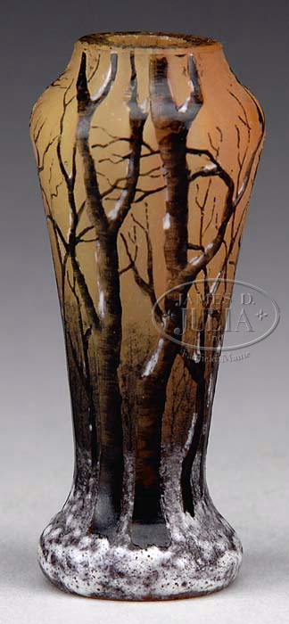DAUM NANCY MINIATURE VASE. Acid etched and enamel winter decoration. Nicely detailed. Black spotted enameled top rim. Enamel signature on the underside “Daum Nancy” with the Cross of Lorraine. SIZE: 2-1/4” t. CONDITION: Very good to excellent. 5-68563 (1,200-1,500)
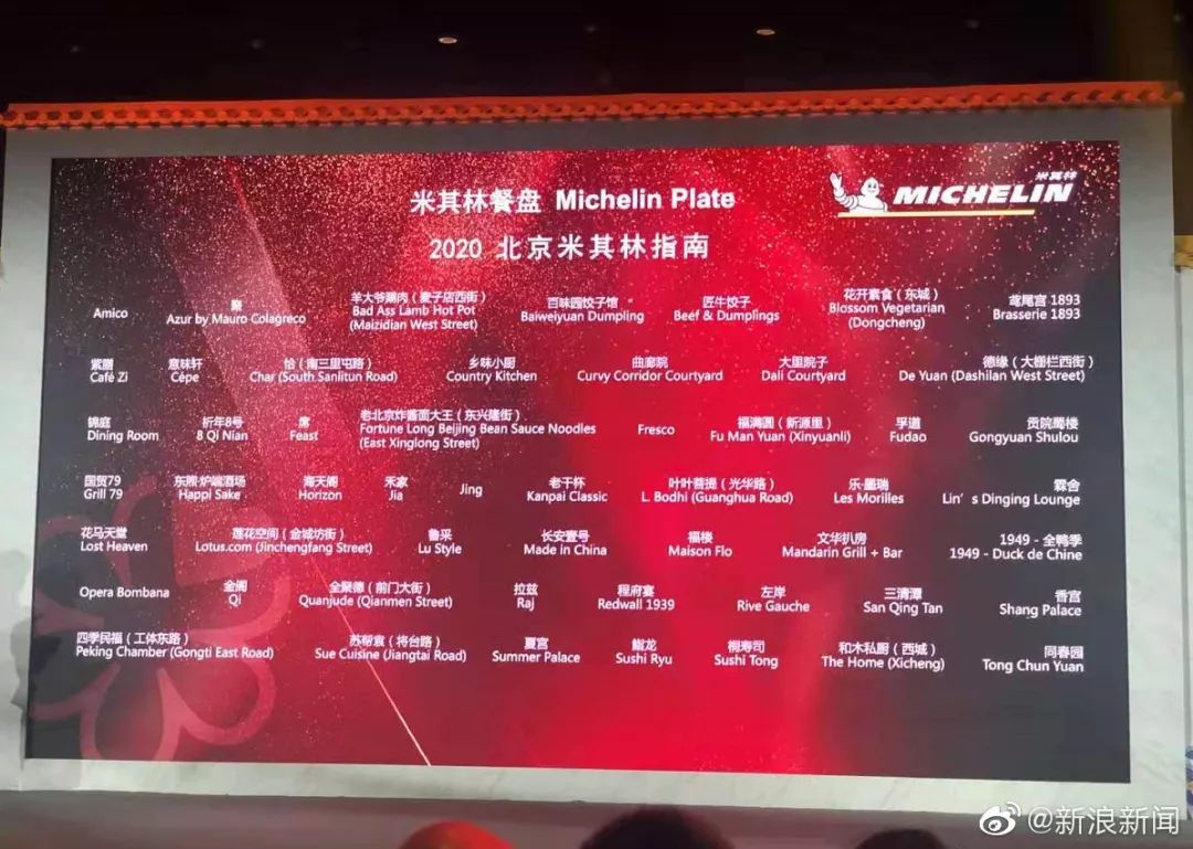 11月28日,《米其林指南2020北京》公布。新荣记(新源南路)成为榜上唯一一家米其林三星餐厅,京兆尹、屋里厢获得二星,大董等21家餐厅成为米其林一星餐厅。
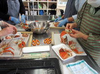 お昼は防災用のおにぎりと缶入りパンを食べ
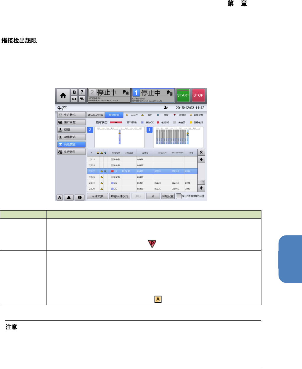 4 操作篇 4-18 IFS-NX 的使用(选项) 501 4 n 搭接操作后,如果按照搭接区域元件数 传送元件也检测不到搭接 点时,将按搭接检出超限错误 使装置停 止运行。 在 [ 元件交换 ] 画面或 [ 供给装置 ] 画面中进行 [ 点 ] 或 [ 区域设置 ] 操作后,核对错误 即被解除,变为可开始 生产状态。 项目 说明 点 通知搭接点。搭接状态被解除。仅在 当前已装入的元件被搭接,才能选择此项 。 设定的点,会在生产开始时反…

==

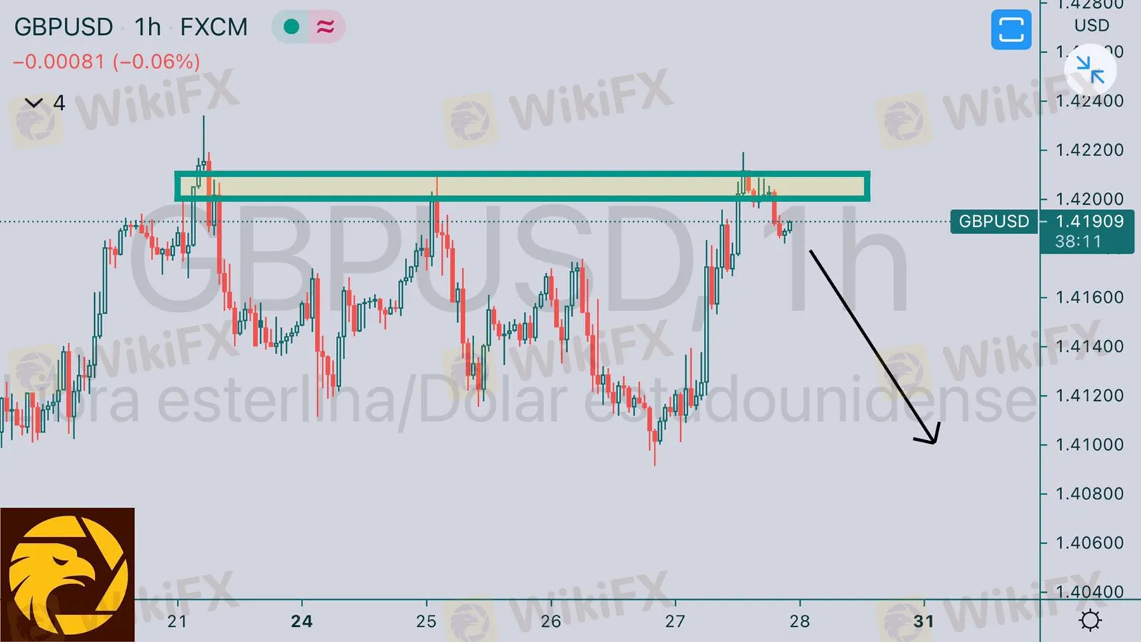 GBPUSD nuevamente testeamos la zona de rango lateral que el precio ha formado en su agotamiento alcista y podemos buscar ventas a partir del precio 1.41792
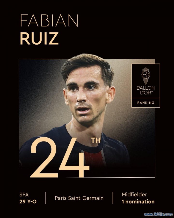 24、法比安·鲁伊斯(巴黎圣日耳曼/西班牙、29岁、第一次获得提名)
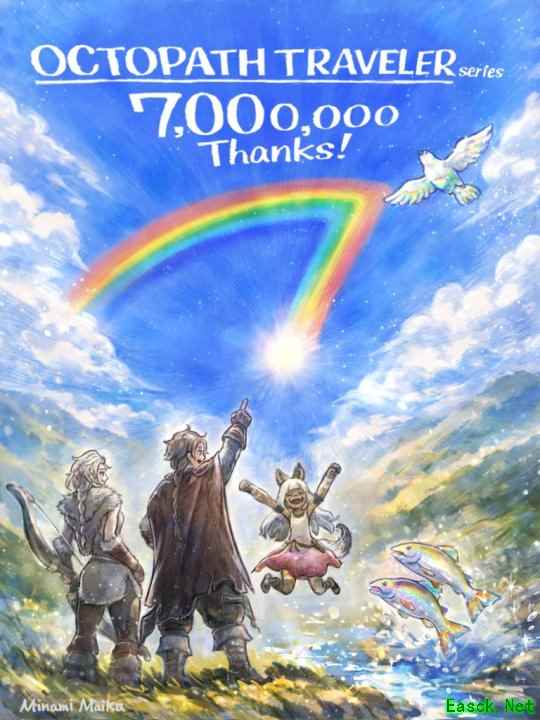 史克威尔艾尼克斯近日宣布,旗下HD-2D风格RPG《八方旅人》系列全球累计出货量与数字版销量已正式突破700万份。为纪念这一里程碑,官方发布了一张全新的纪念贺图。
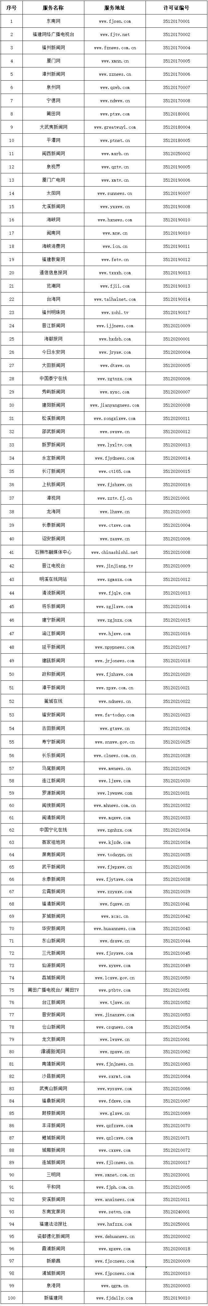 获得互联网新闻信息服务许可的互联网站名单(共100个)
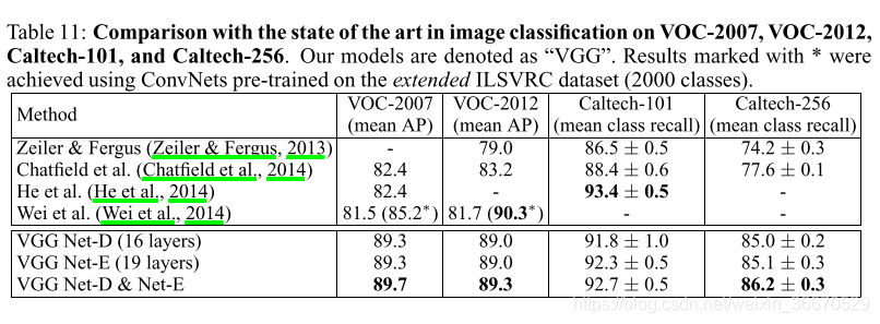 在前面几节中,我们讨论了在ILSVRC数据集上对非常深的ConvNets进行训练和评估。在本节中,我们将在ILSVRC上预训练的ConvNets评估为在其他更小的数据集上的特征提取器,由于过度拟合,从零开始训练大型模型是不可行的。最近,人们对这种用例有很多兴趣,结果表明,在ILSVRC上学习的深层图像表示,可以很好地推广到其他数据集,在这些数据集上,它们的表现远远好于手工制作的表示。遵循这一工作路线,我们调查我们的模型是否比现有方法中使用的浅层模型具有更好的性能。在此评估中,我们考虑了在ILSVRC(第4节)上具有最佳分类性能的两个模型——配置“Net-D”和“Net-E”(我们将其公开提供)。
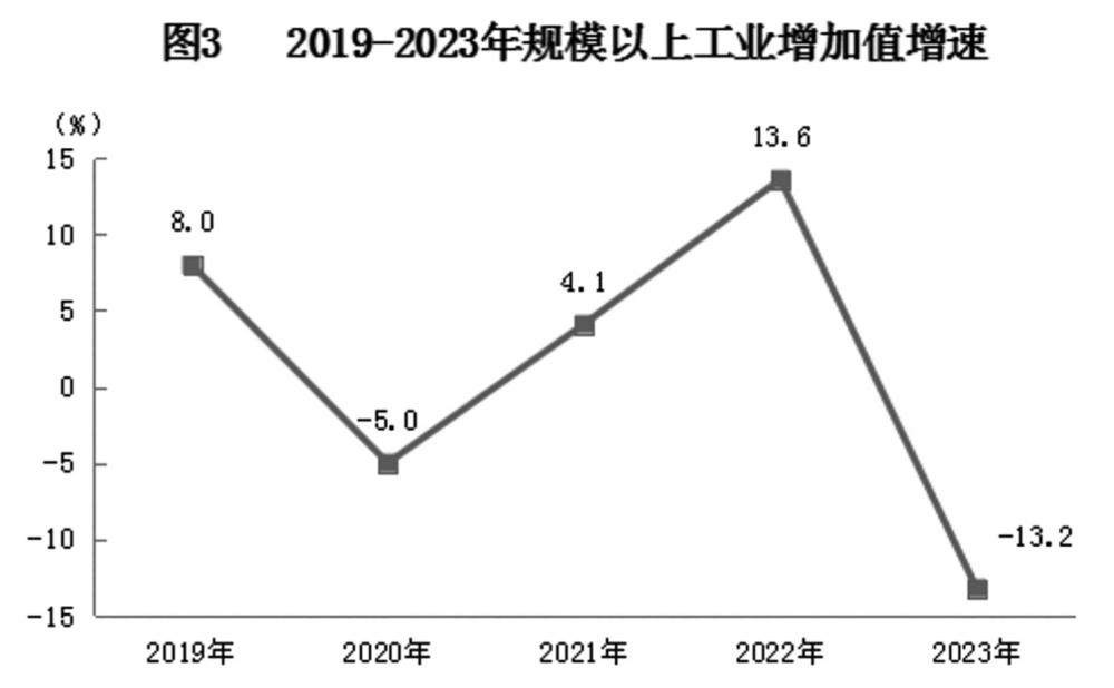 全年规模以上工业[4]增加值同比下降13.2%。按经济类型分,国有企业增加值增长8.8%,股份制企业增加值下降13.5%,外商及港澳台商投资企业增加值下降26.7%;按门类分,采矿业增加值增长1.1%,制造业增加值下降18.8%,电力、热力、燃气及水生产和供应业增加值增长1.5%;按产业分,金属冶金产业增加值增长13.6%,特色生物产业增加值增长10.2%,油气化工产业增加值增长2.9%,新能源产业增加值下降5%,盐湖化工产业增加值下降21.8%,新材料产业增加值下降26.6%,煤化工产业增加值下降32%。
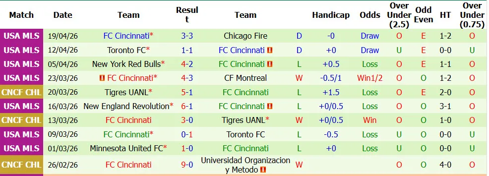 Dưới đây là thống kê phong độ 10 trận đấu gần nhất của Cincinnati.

▸ **Work order**:
Your reply should consist solely of the lines above from the line containing "11月28日,《米其林指南2" up to and including the line containing "4 操作篇 4-18 IFS-NX", reproduced exactly, minus the pictures.

▸ **Exercise solution**:
 11月28日,《米其林指南2020北京》公布。新荣记(新源南路)成为榜上唯一一家米其林三星餐厅,京兆尹、屋里厢获得二星,大董等21家餐厅成为米其林一星餐厅。
 お昼は防災用のおにぎりと缶入りパンを食べ
 4 操作篇 4-18 IFS-NX 的使用(选项) 501 4 n 搭接操作后,如果按照搭接区域元件数 传送元件也检测不到搭接 点时,将按搭接检出超限错误 使装置停 止运行。 在 [ 元件交换 ] 画面或 [ 供给装置 ] 画面中进行 [ 点 ] 或 [ 区域设置 ] 操作后,核对错误 即被解除,变为可开始 生产状态。 项目 说明 点 通知搭接点。搭接状态被解除。仅在 当前已装入的元件被搭接,才能选择此项 。 设定的点,会在生产开始时反…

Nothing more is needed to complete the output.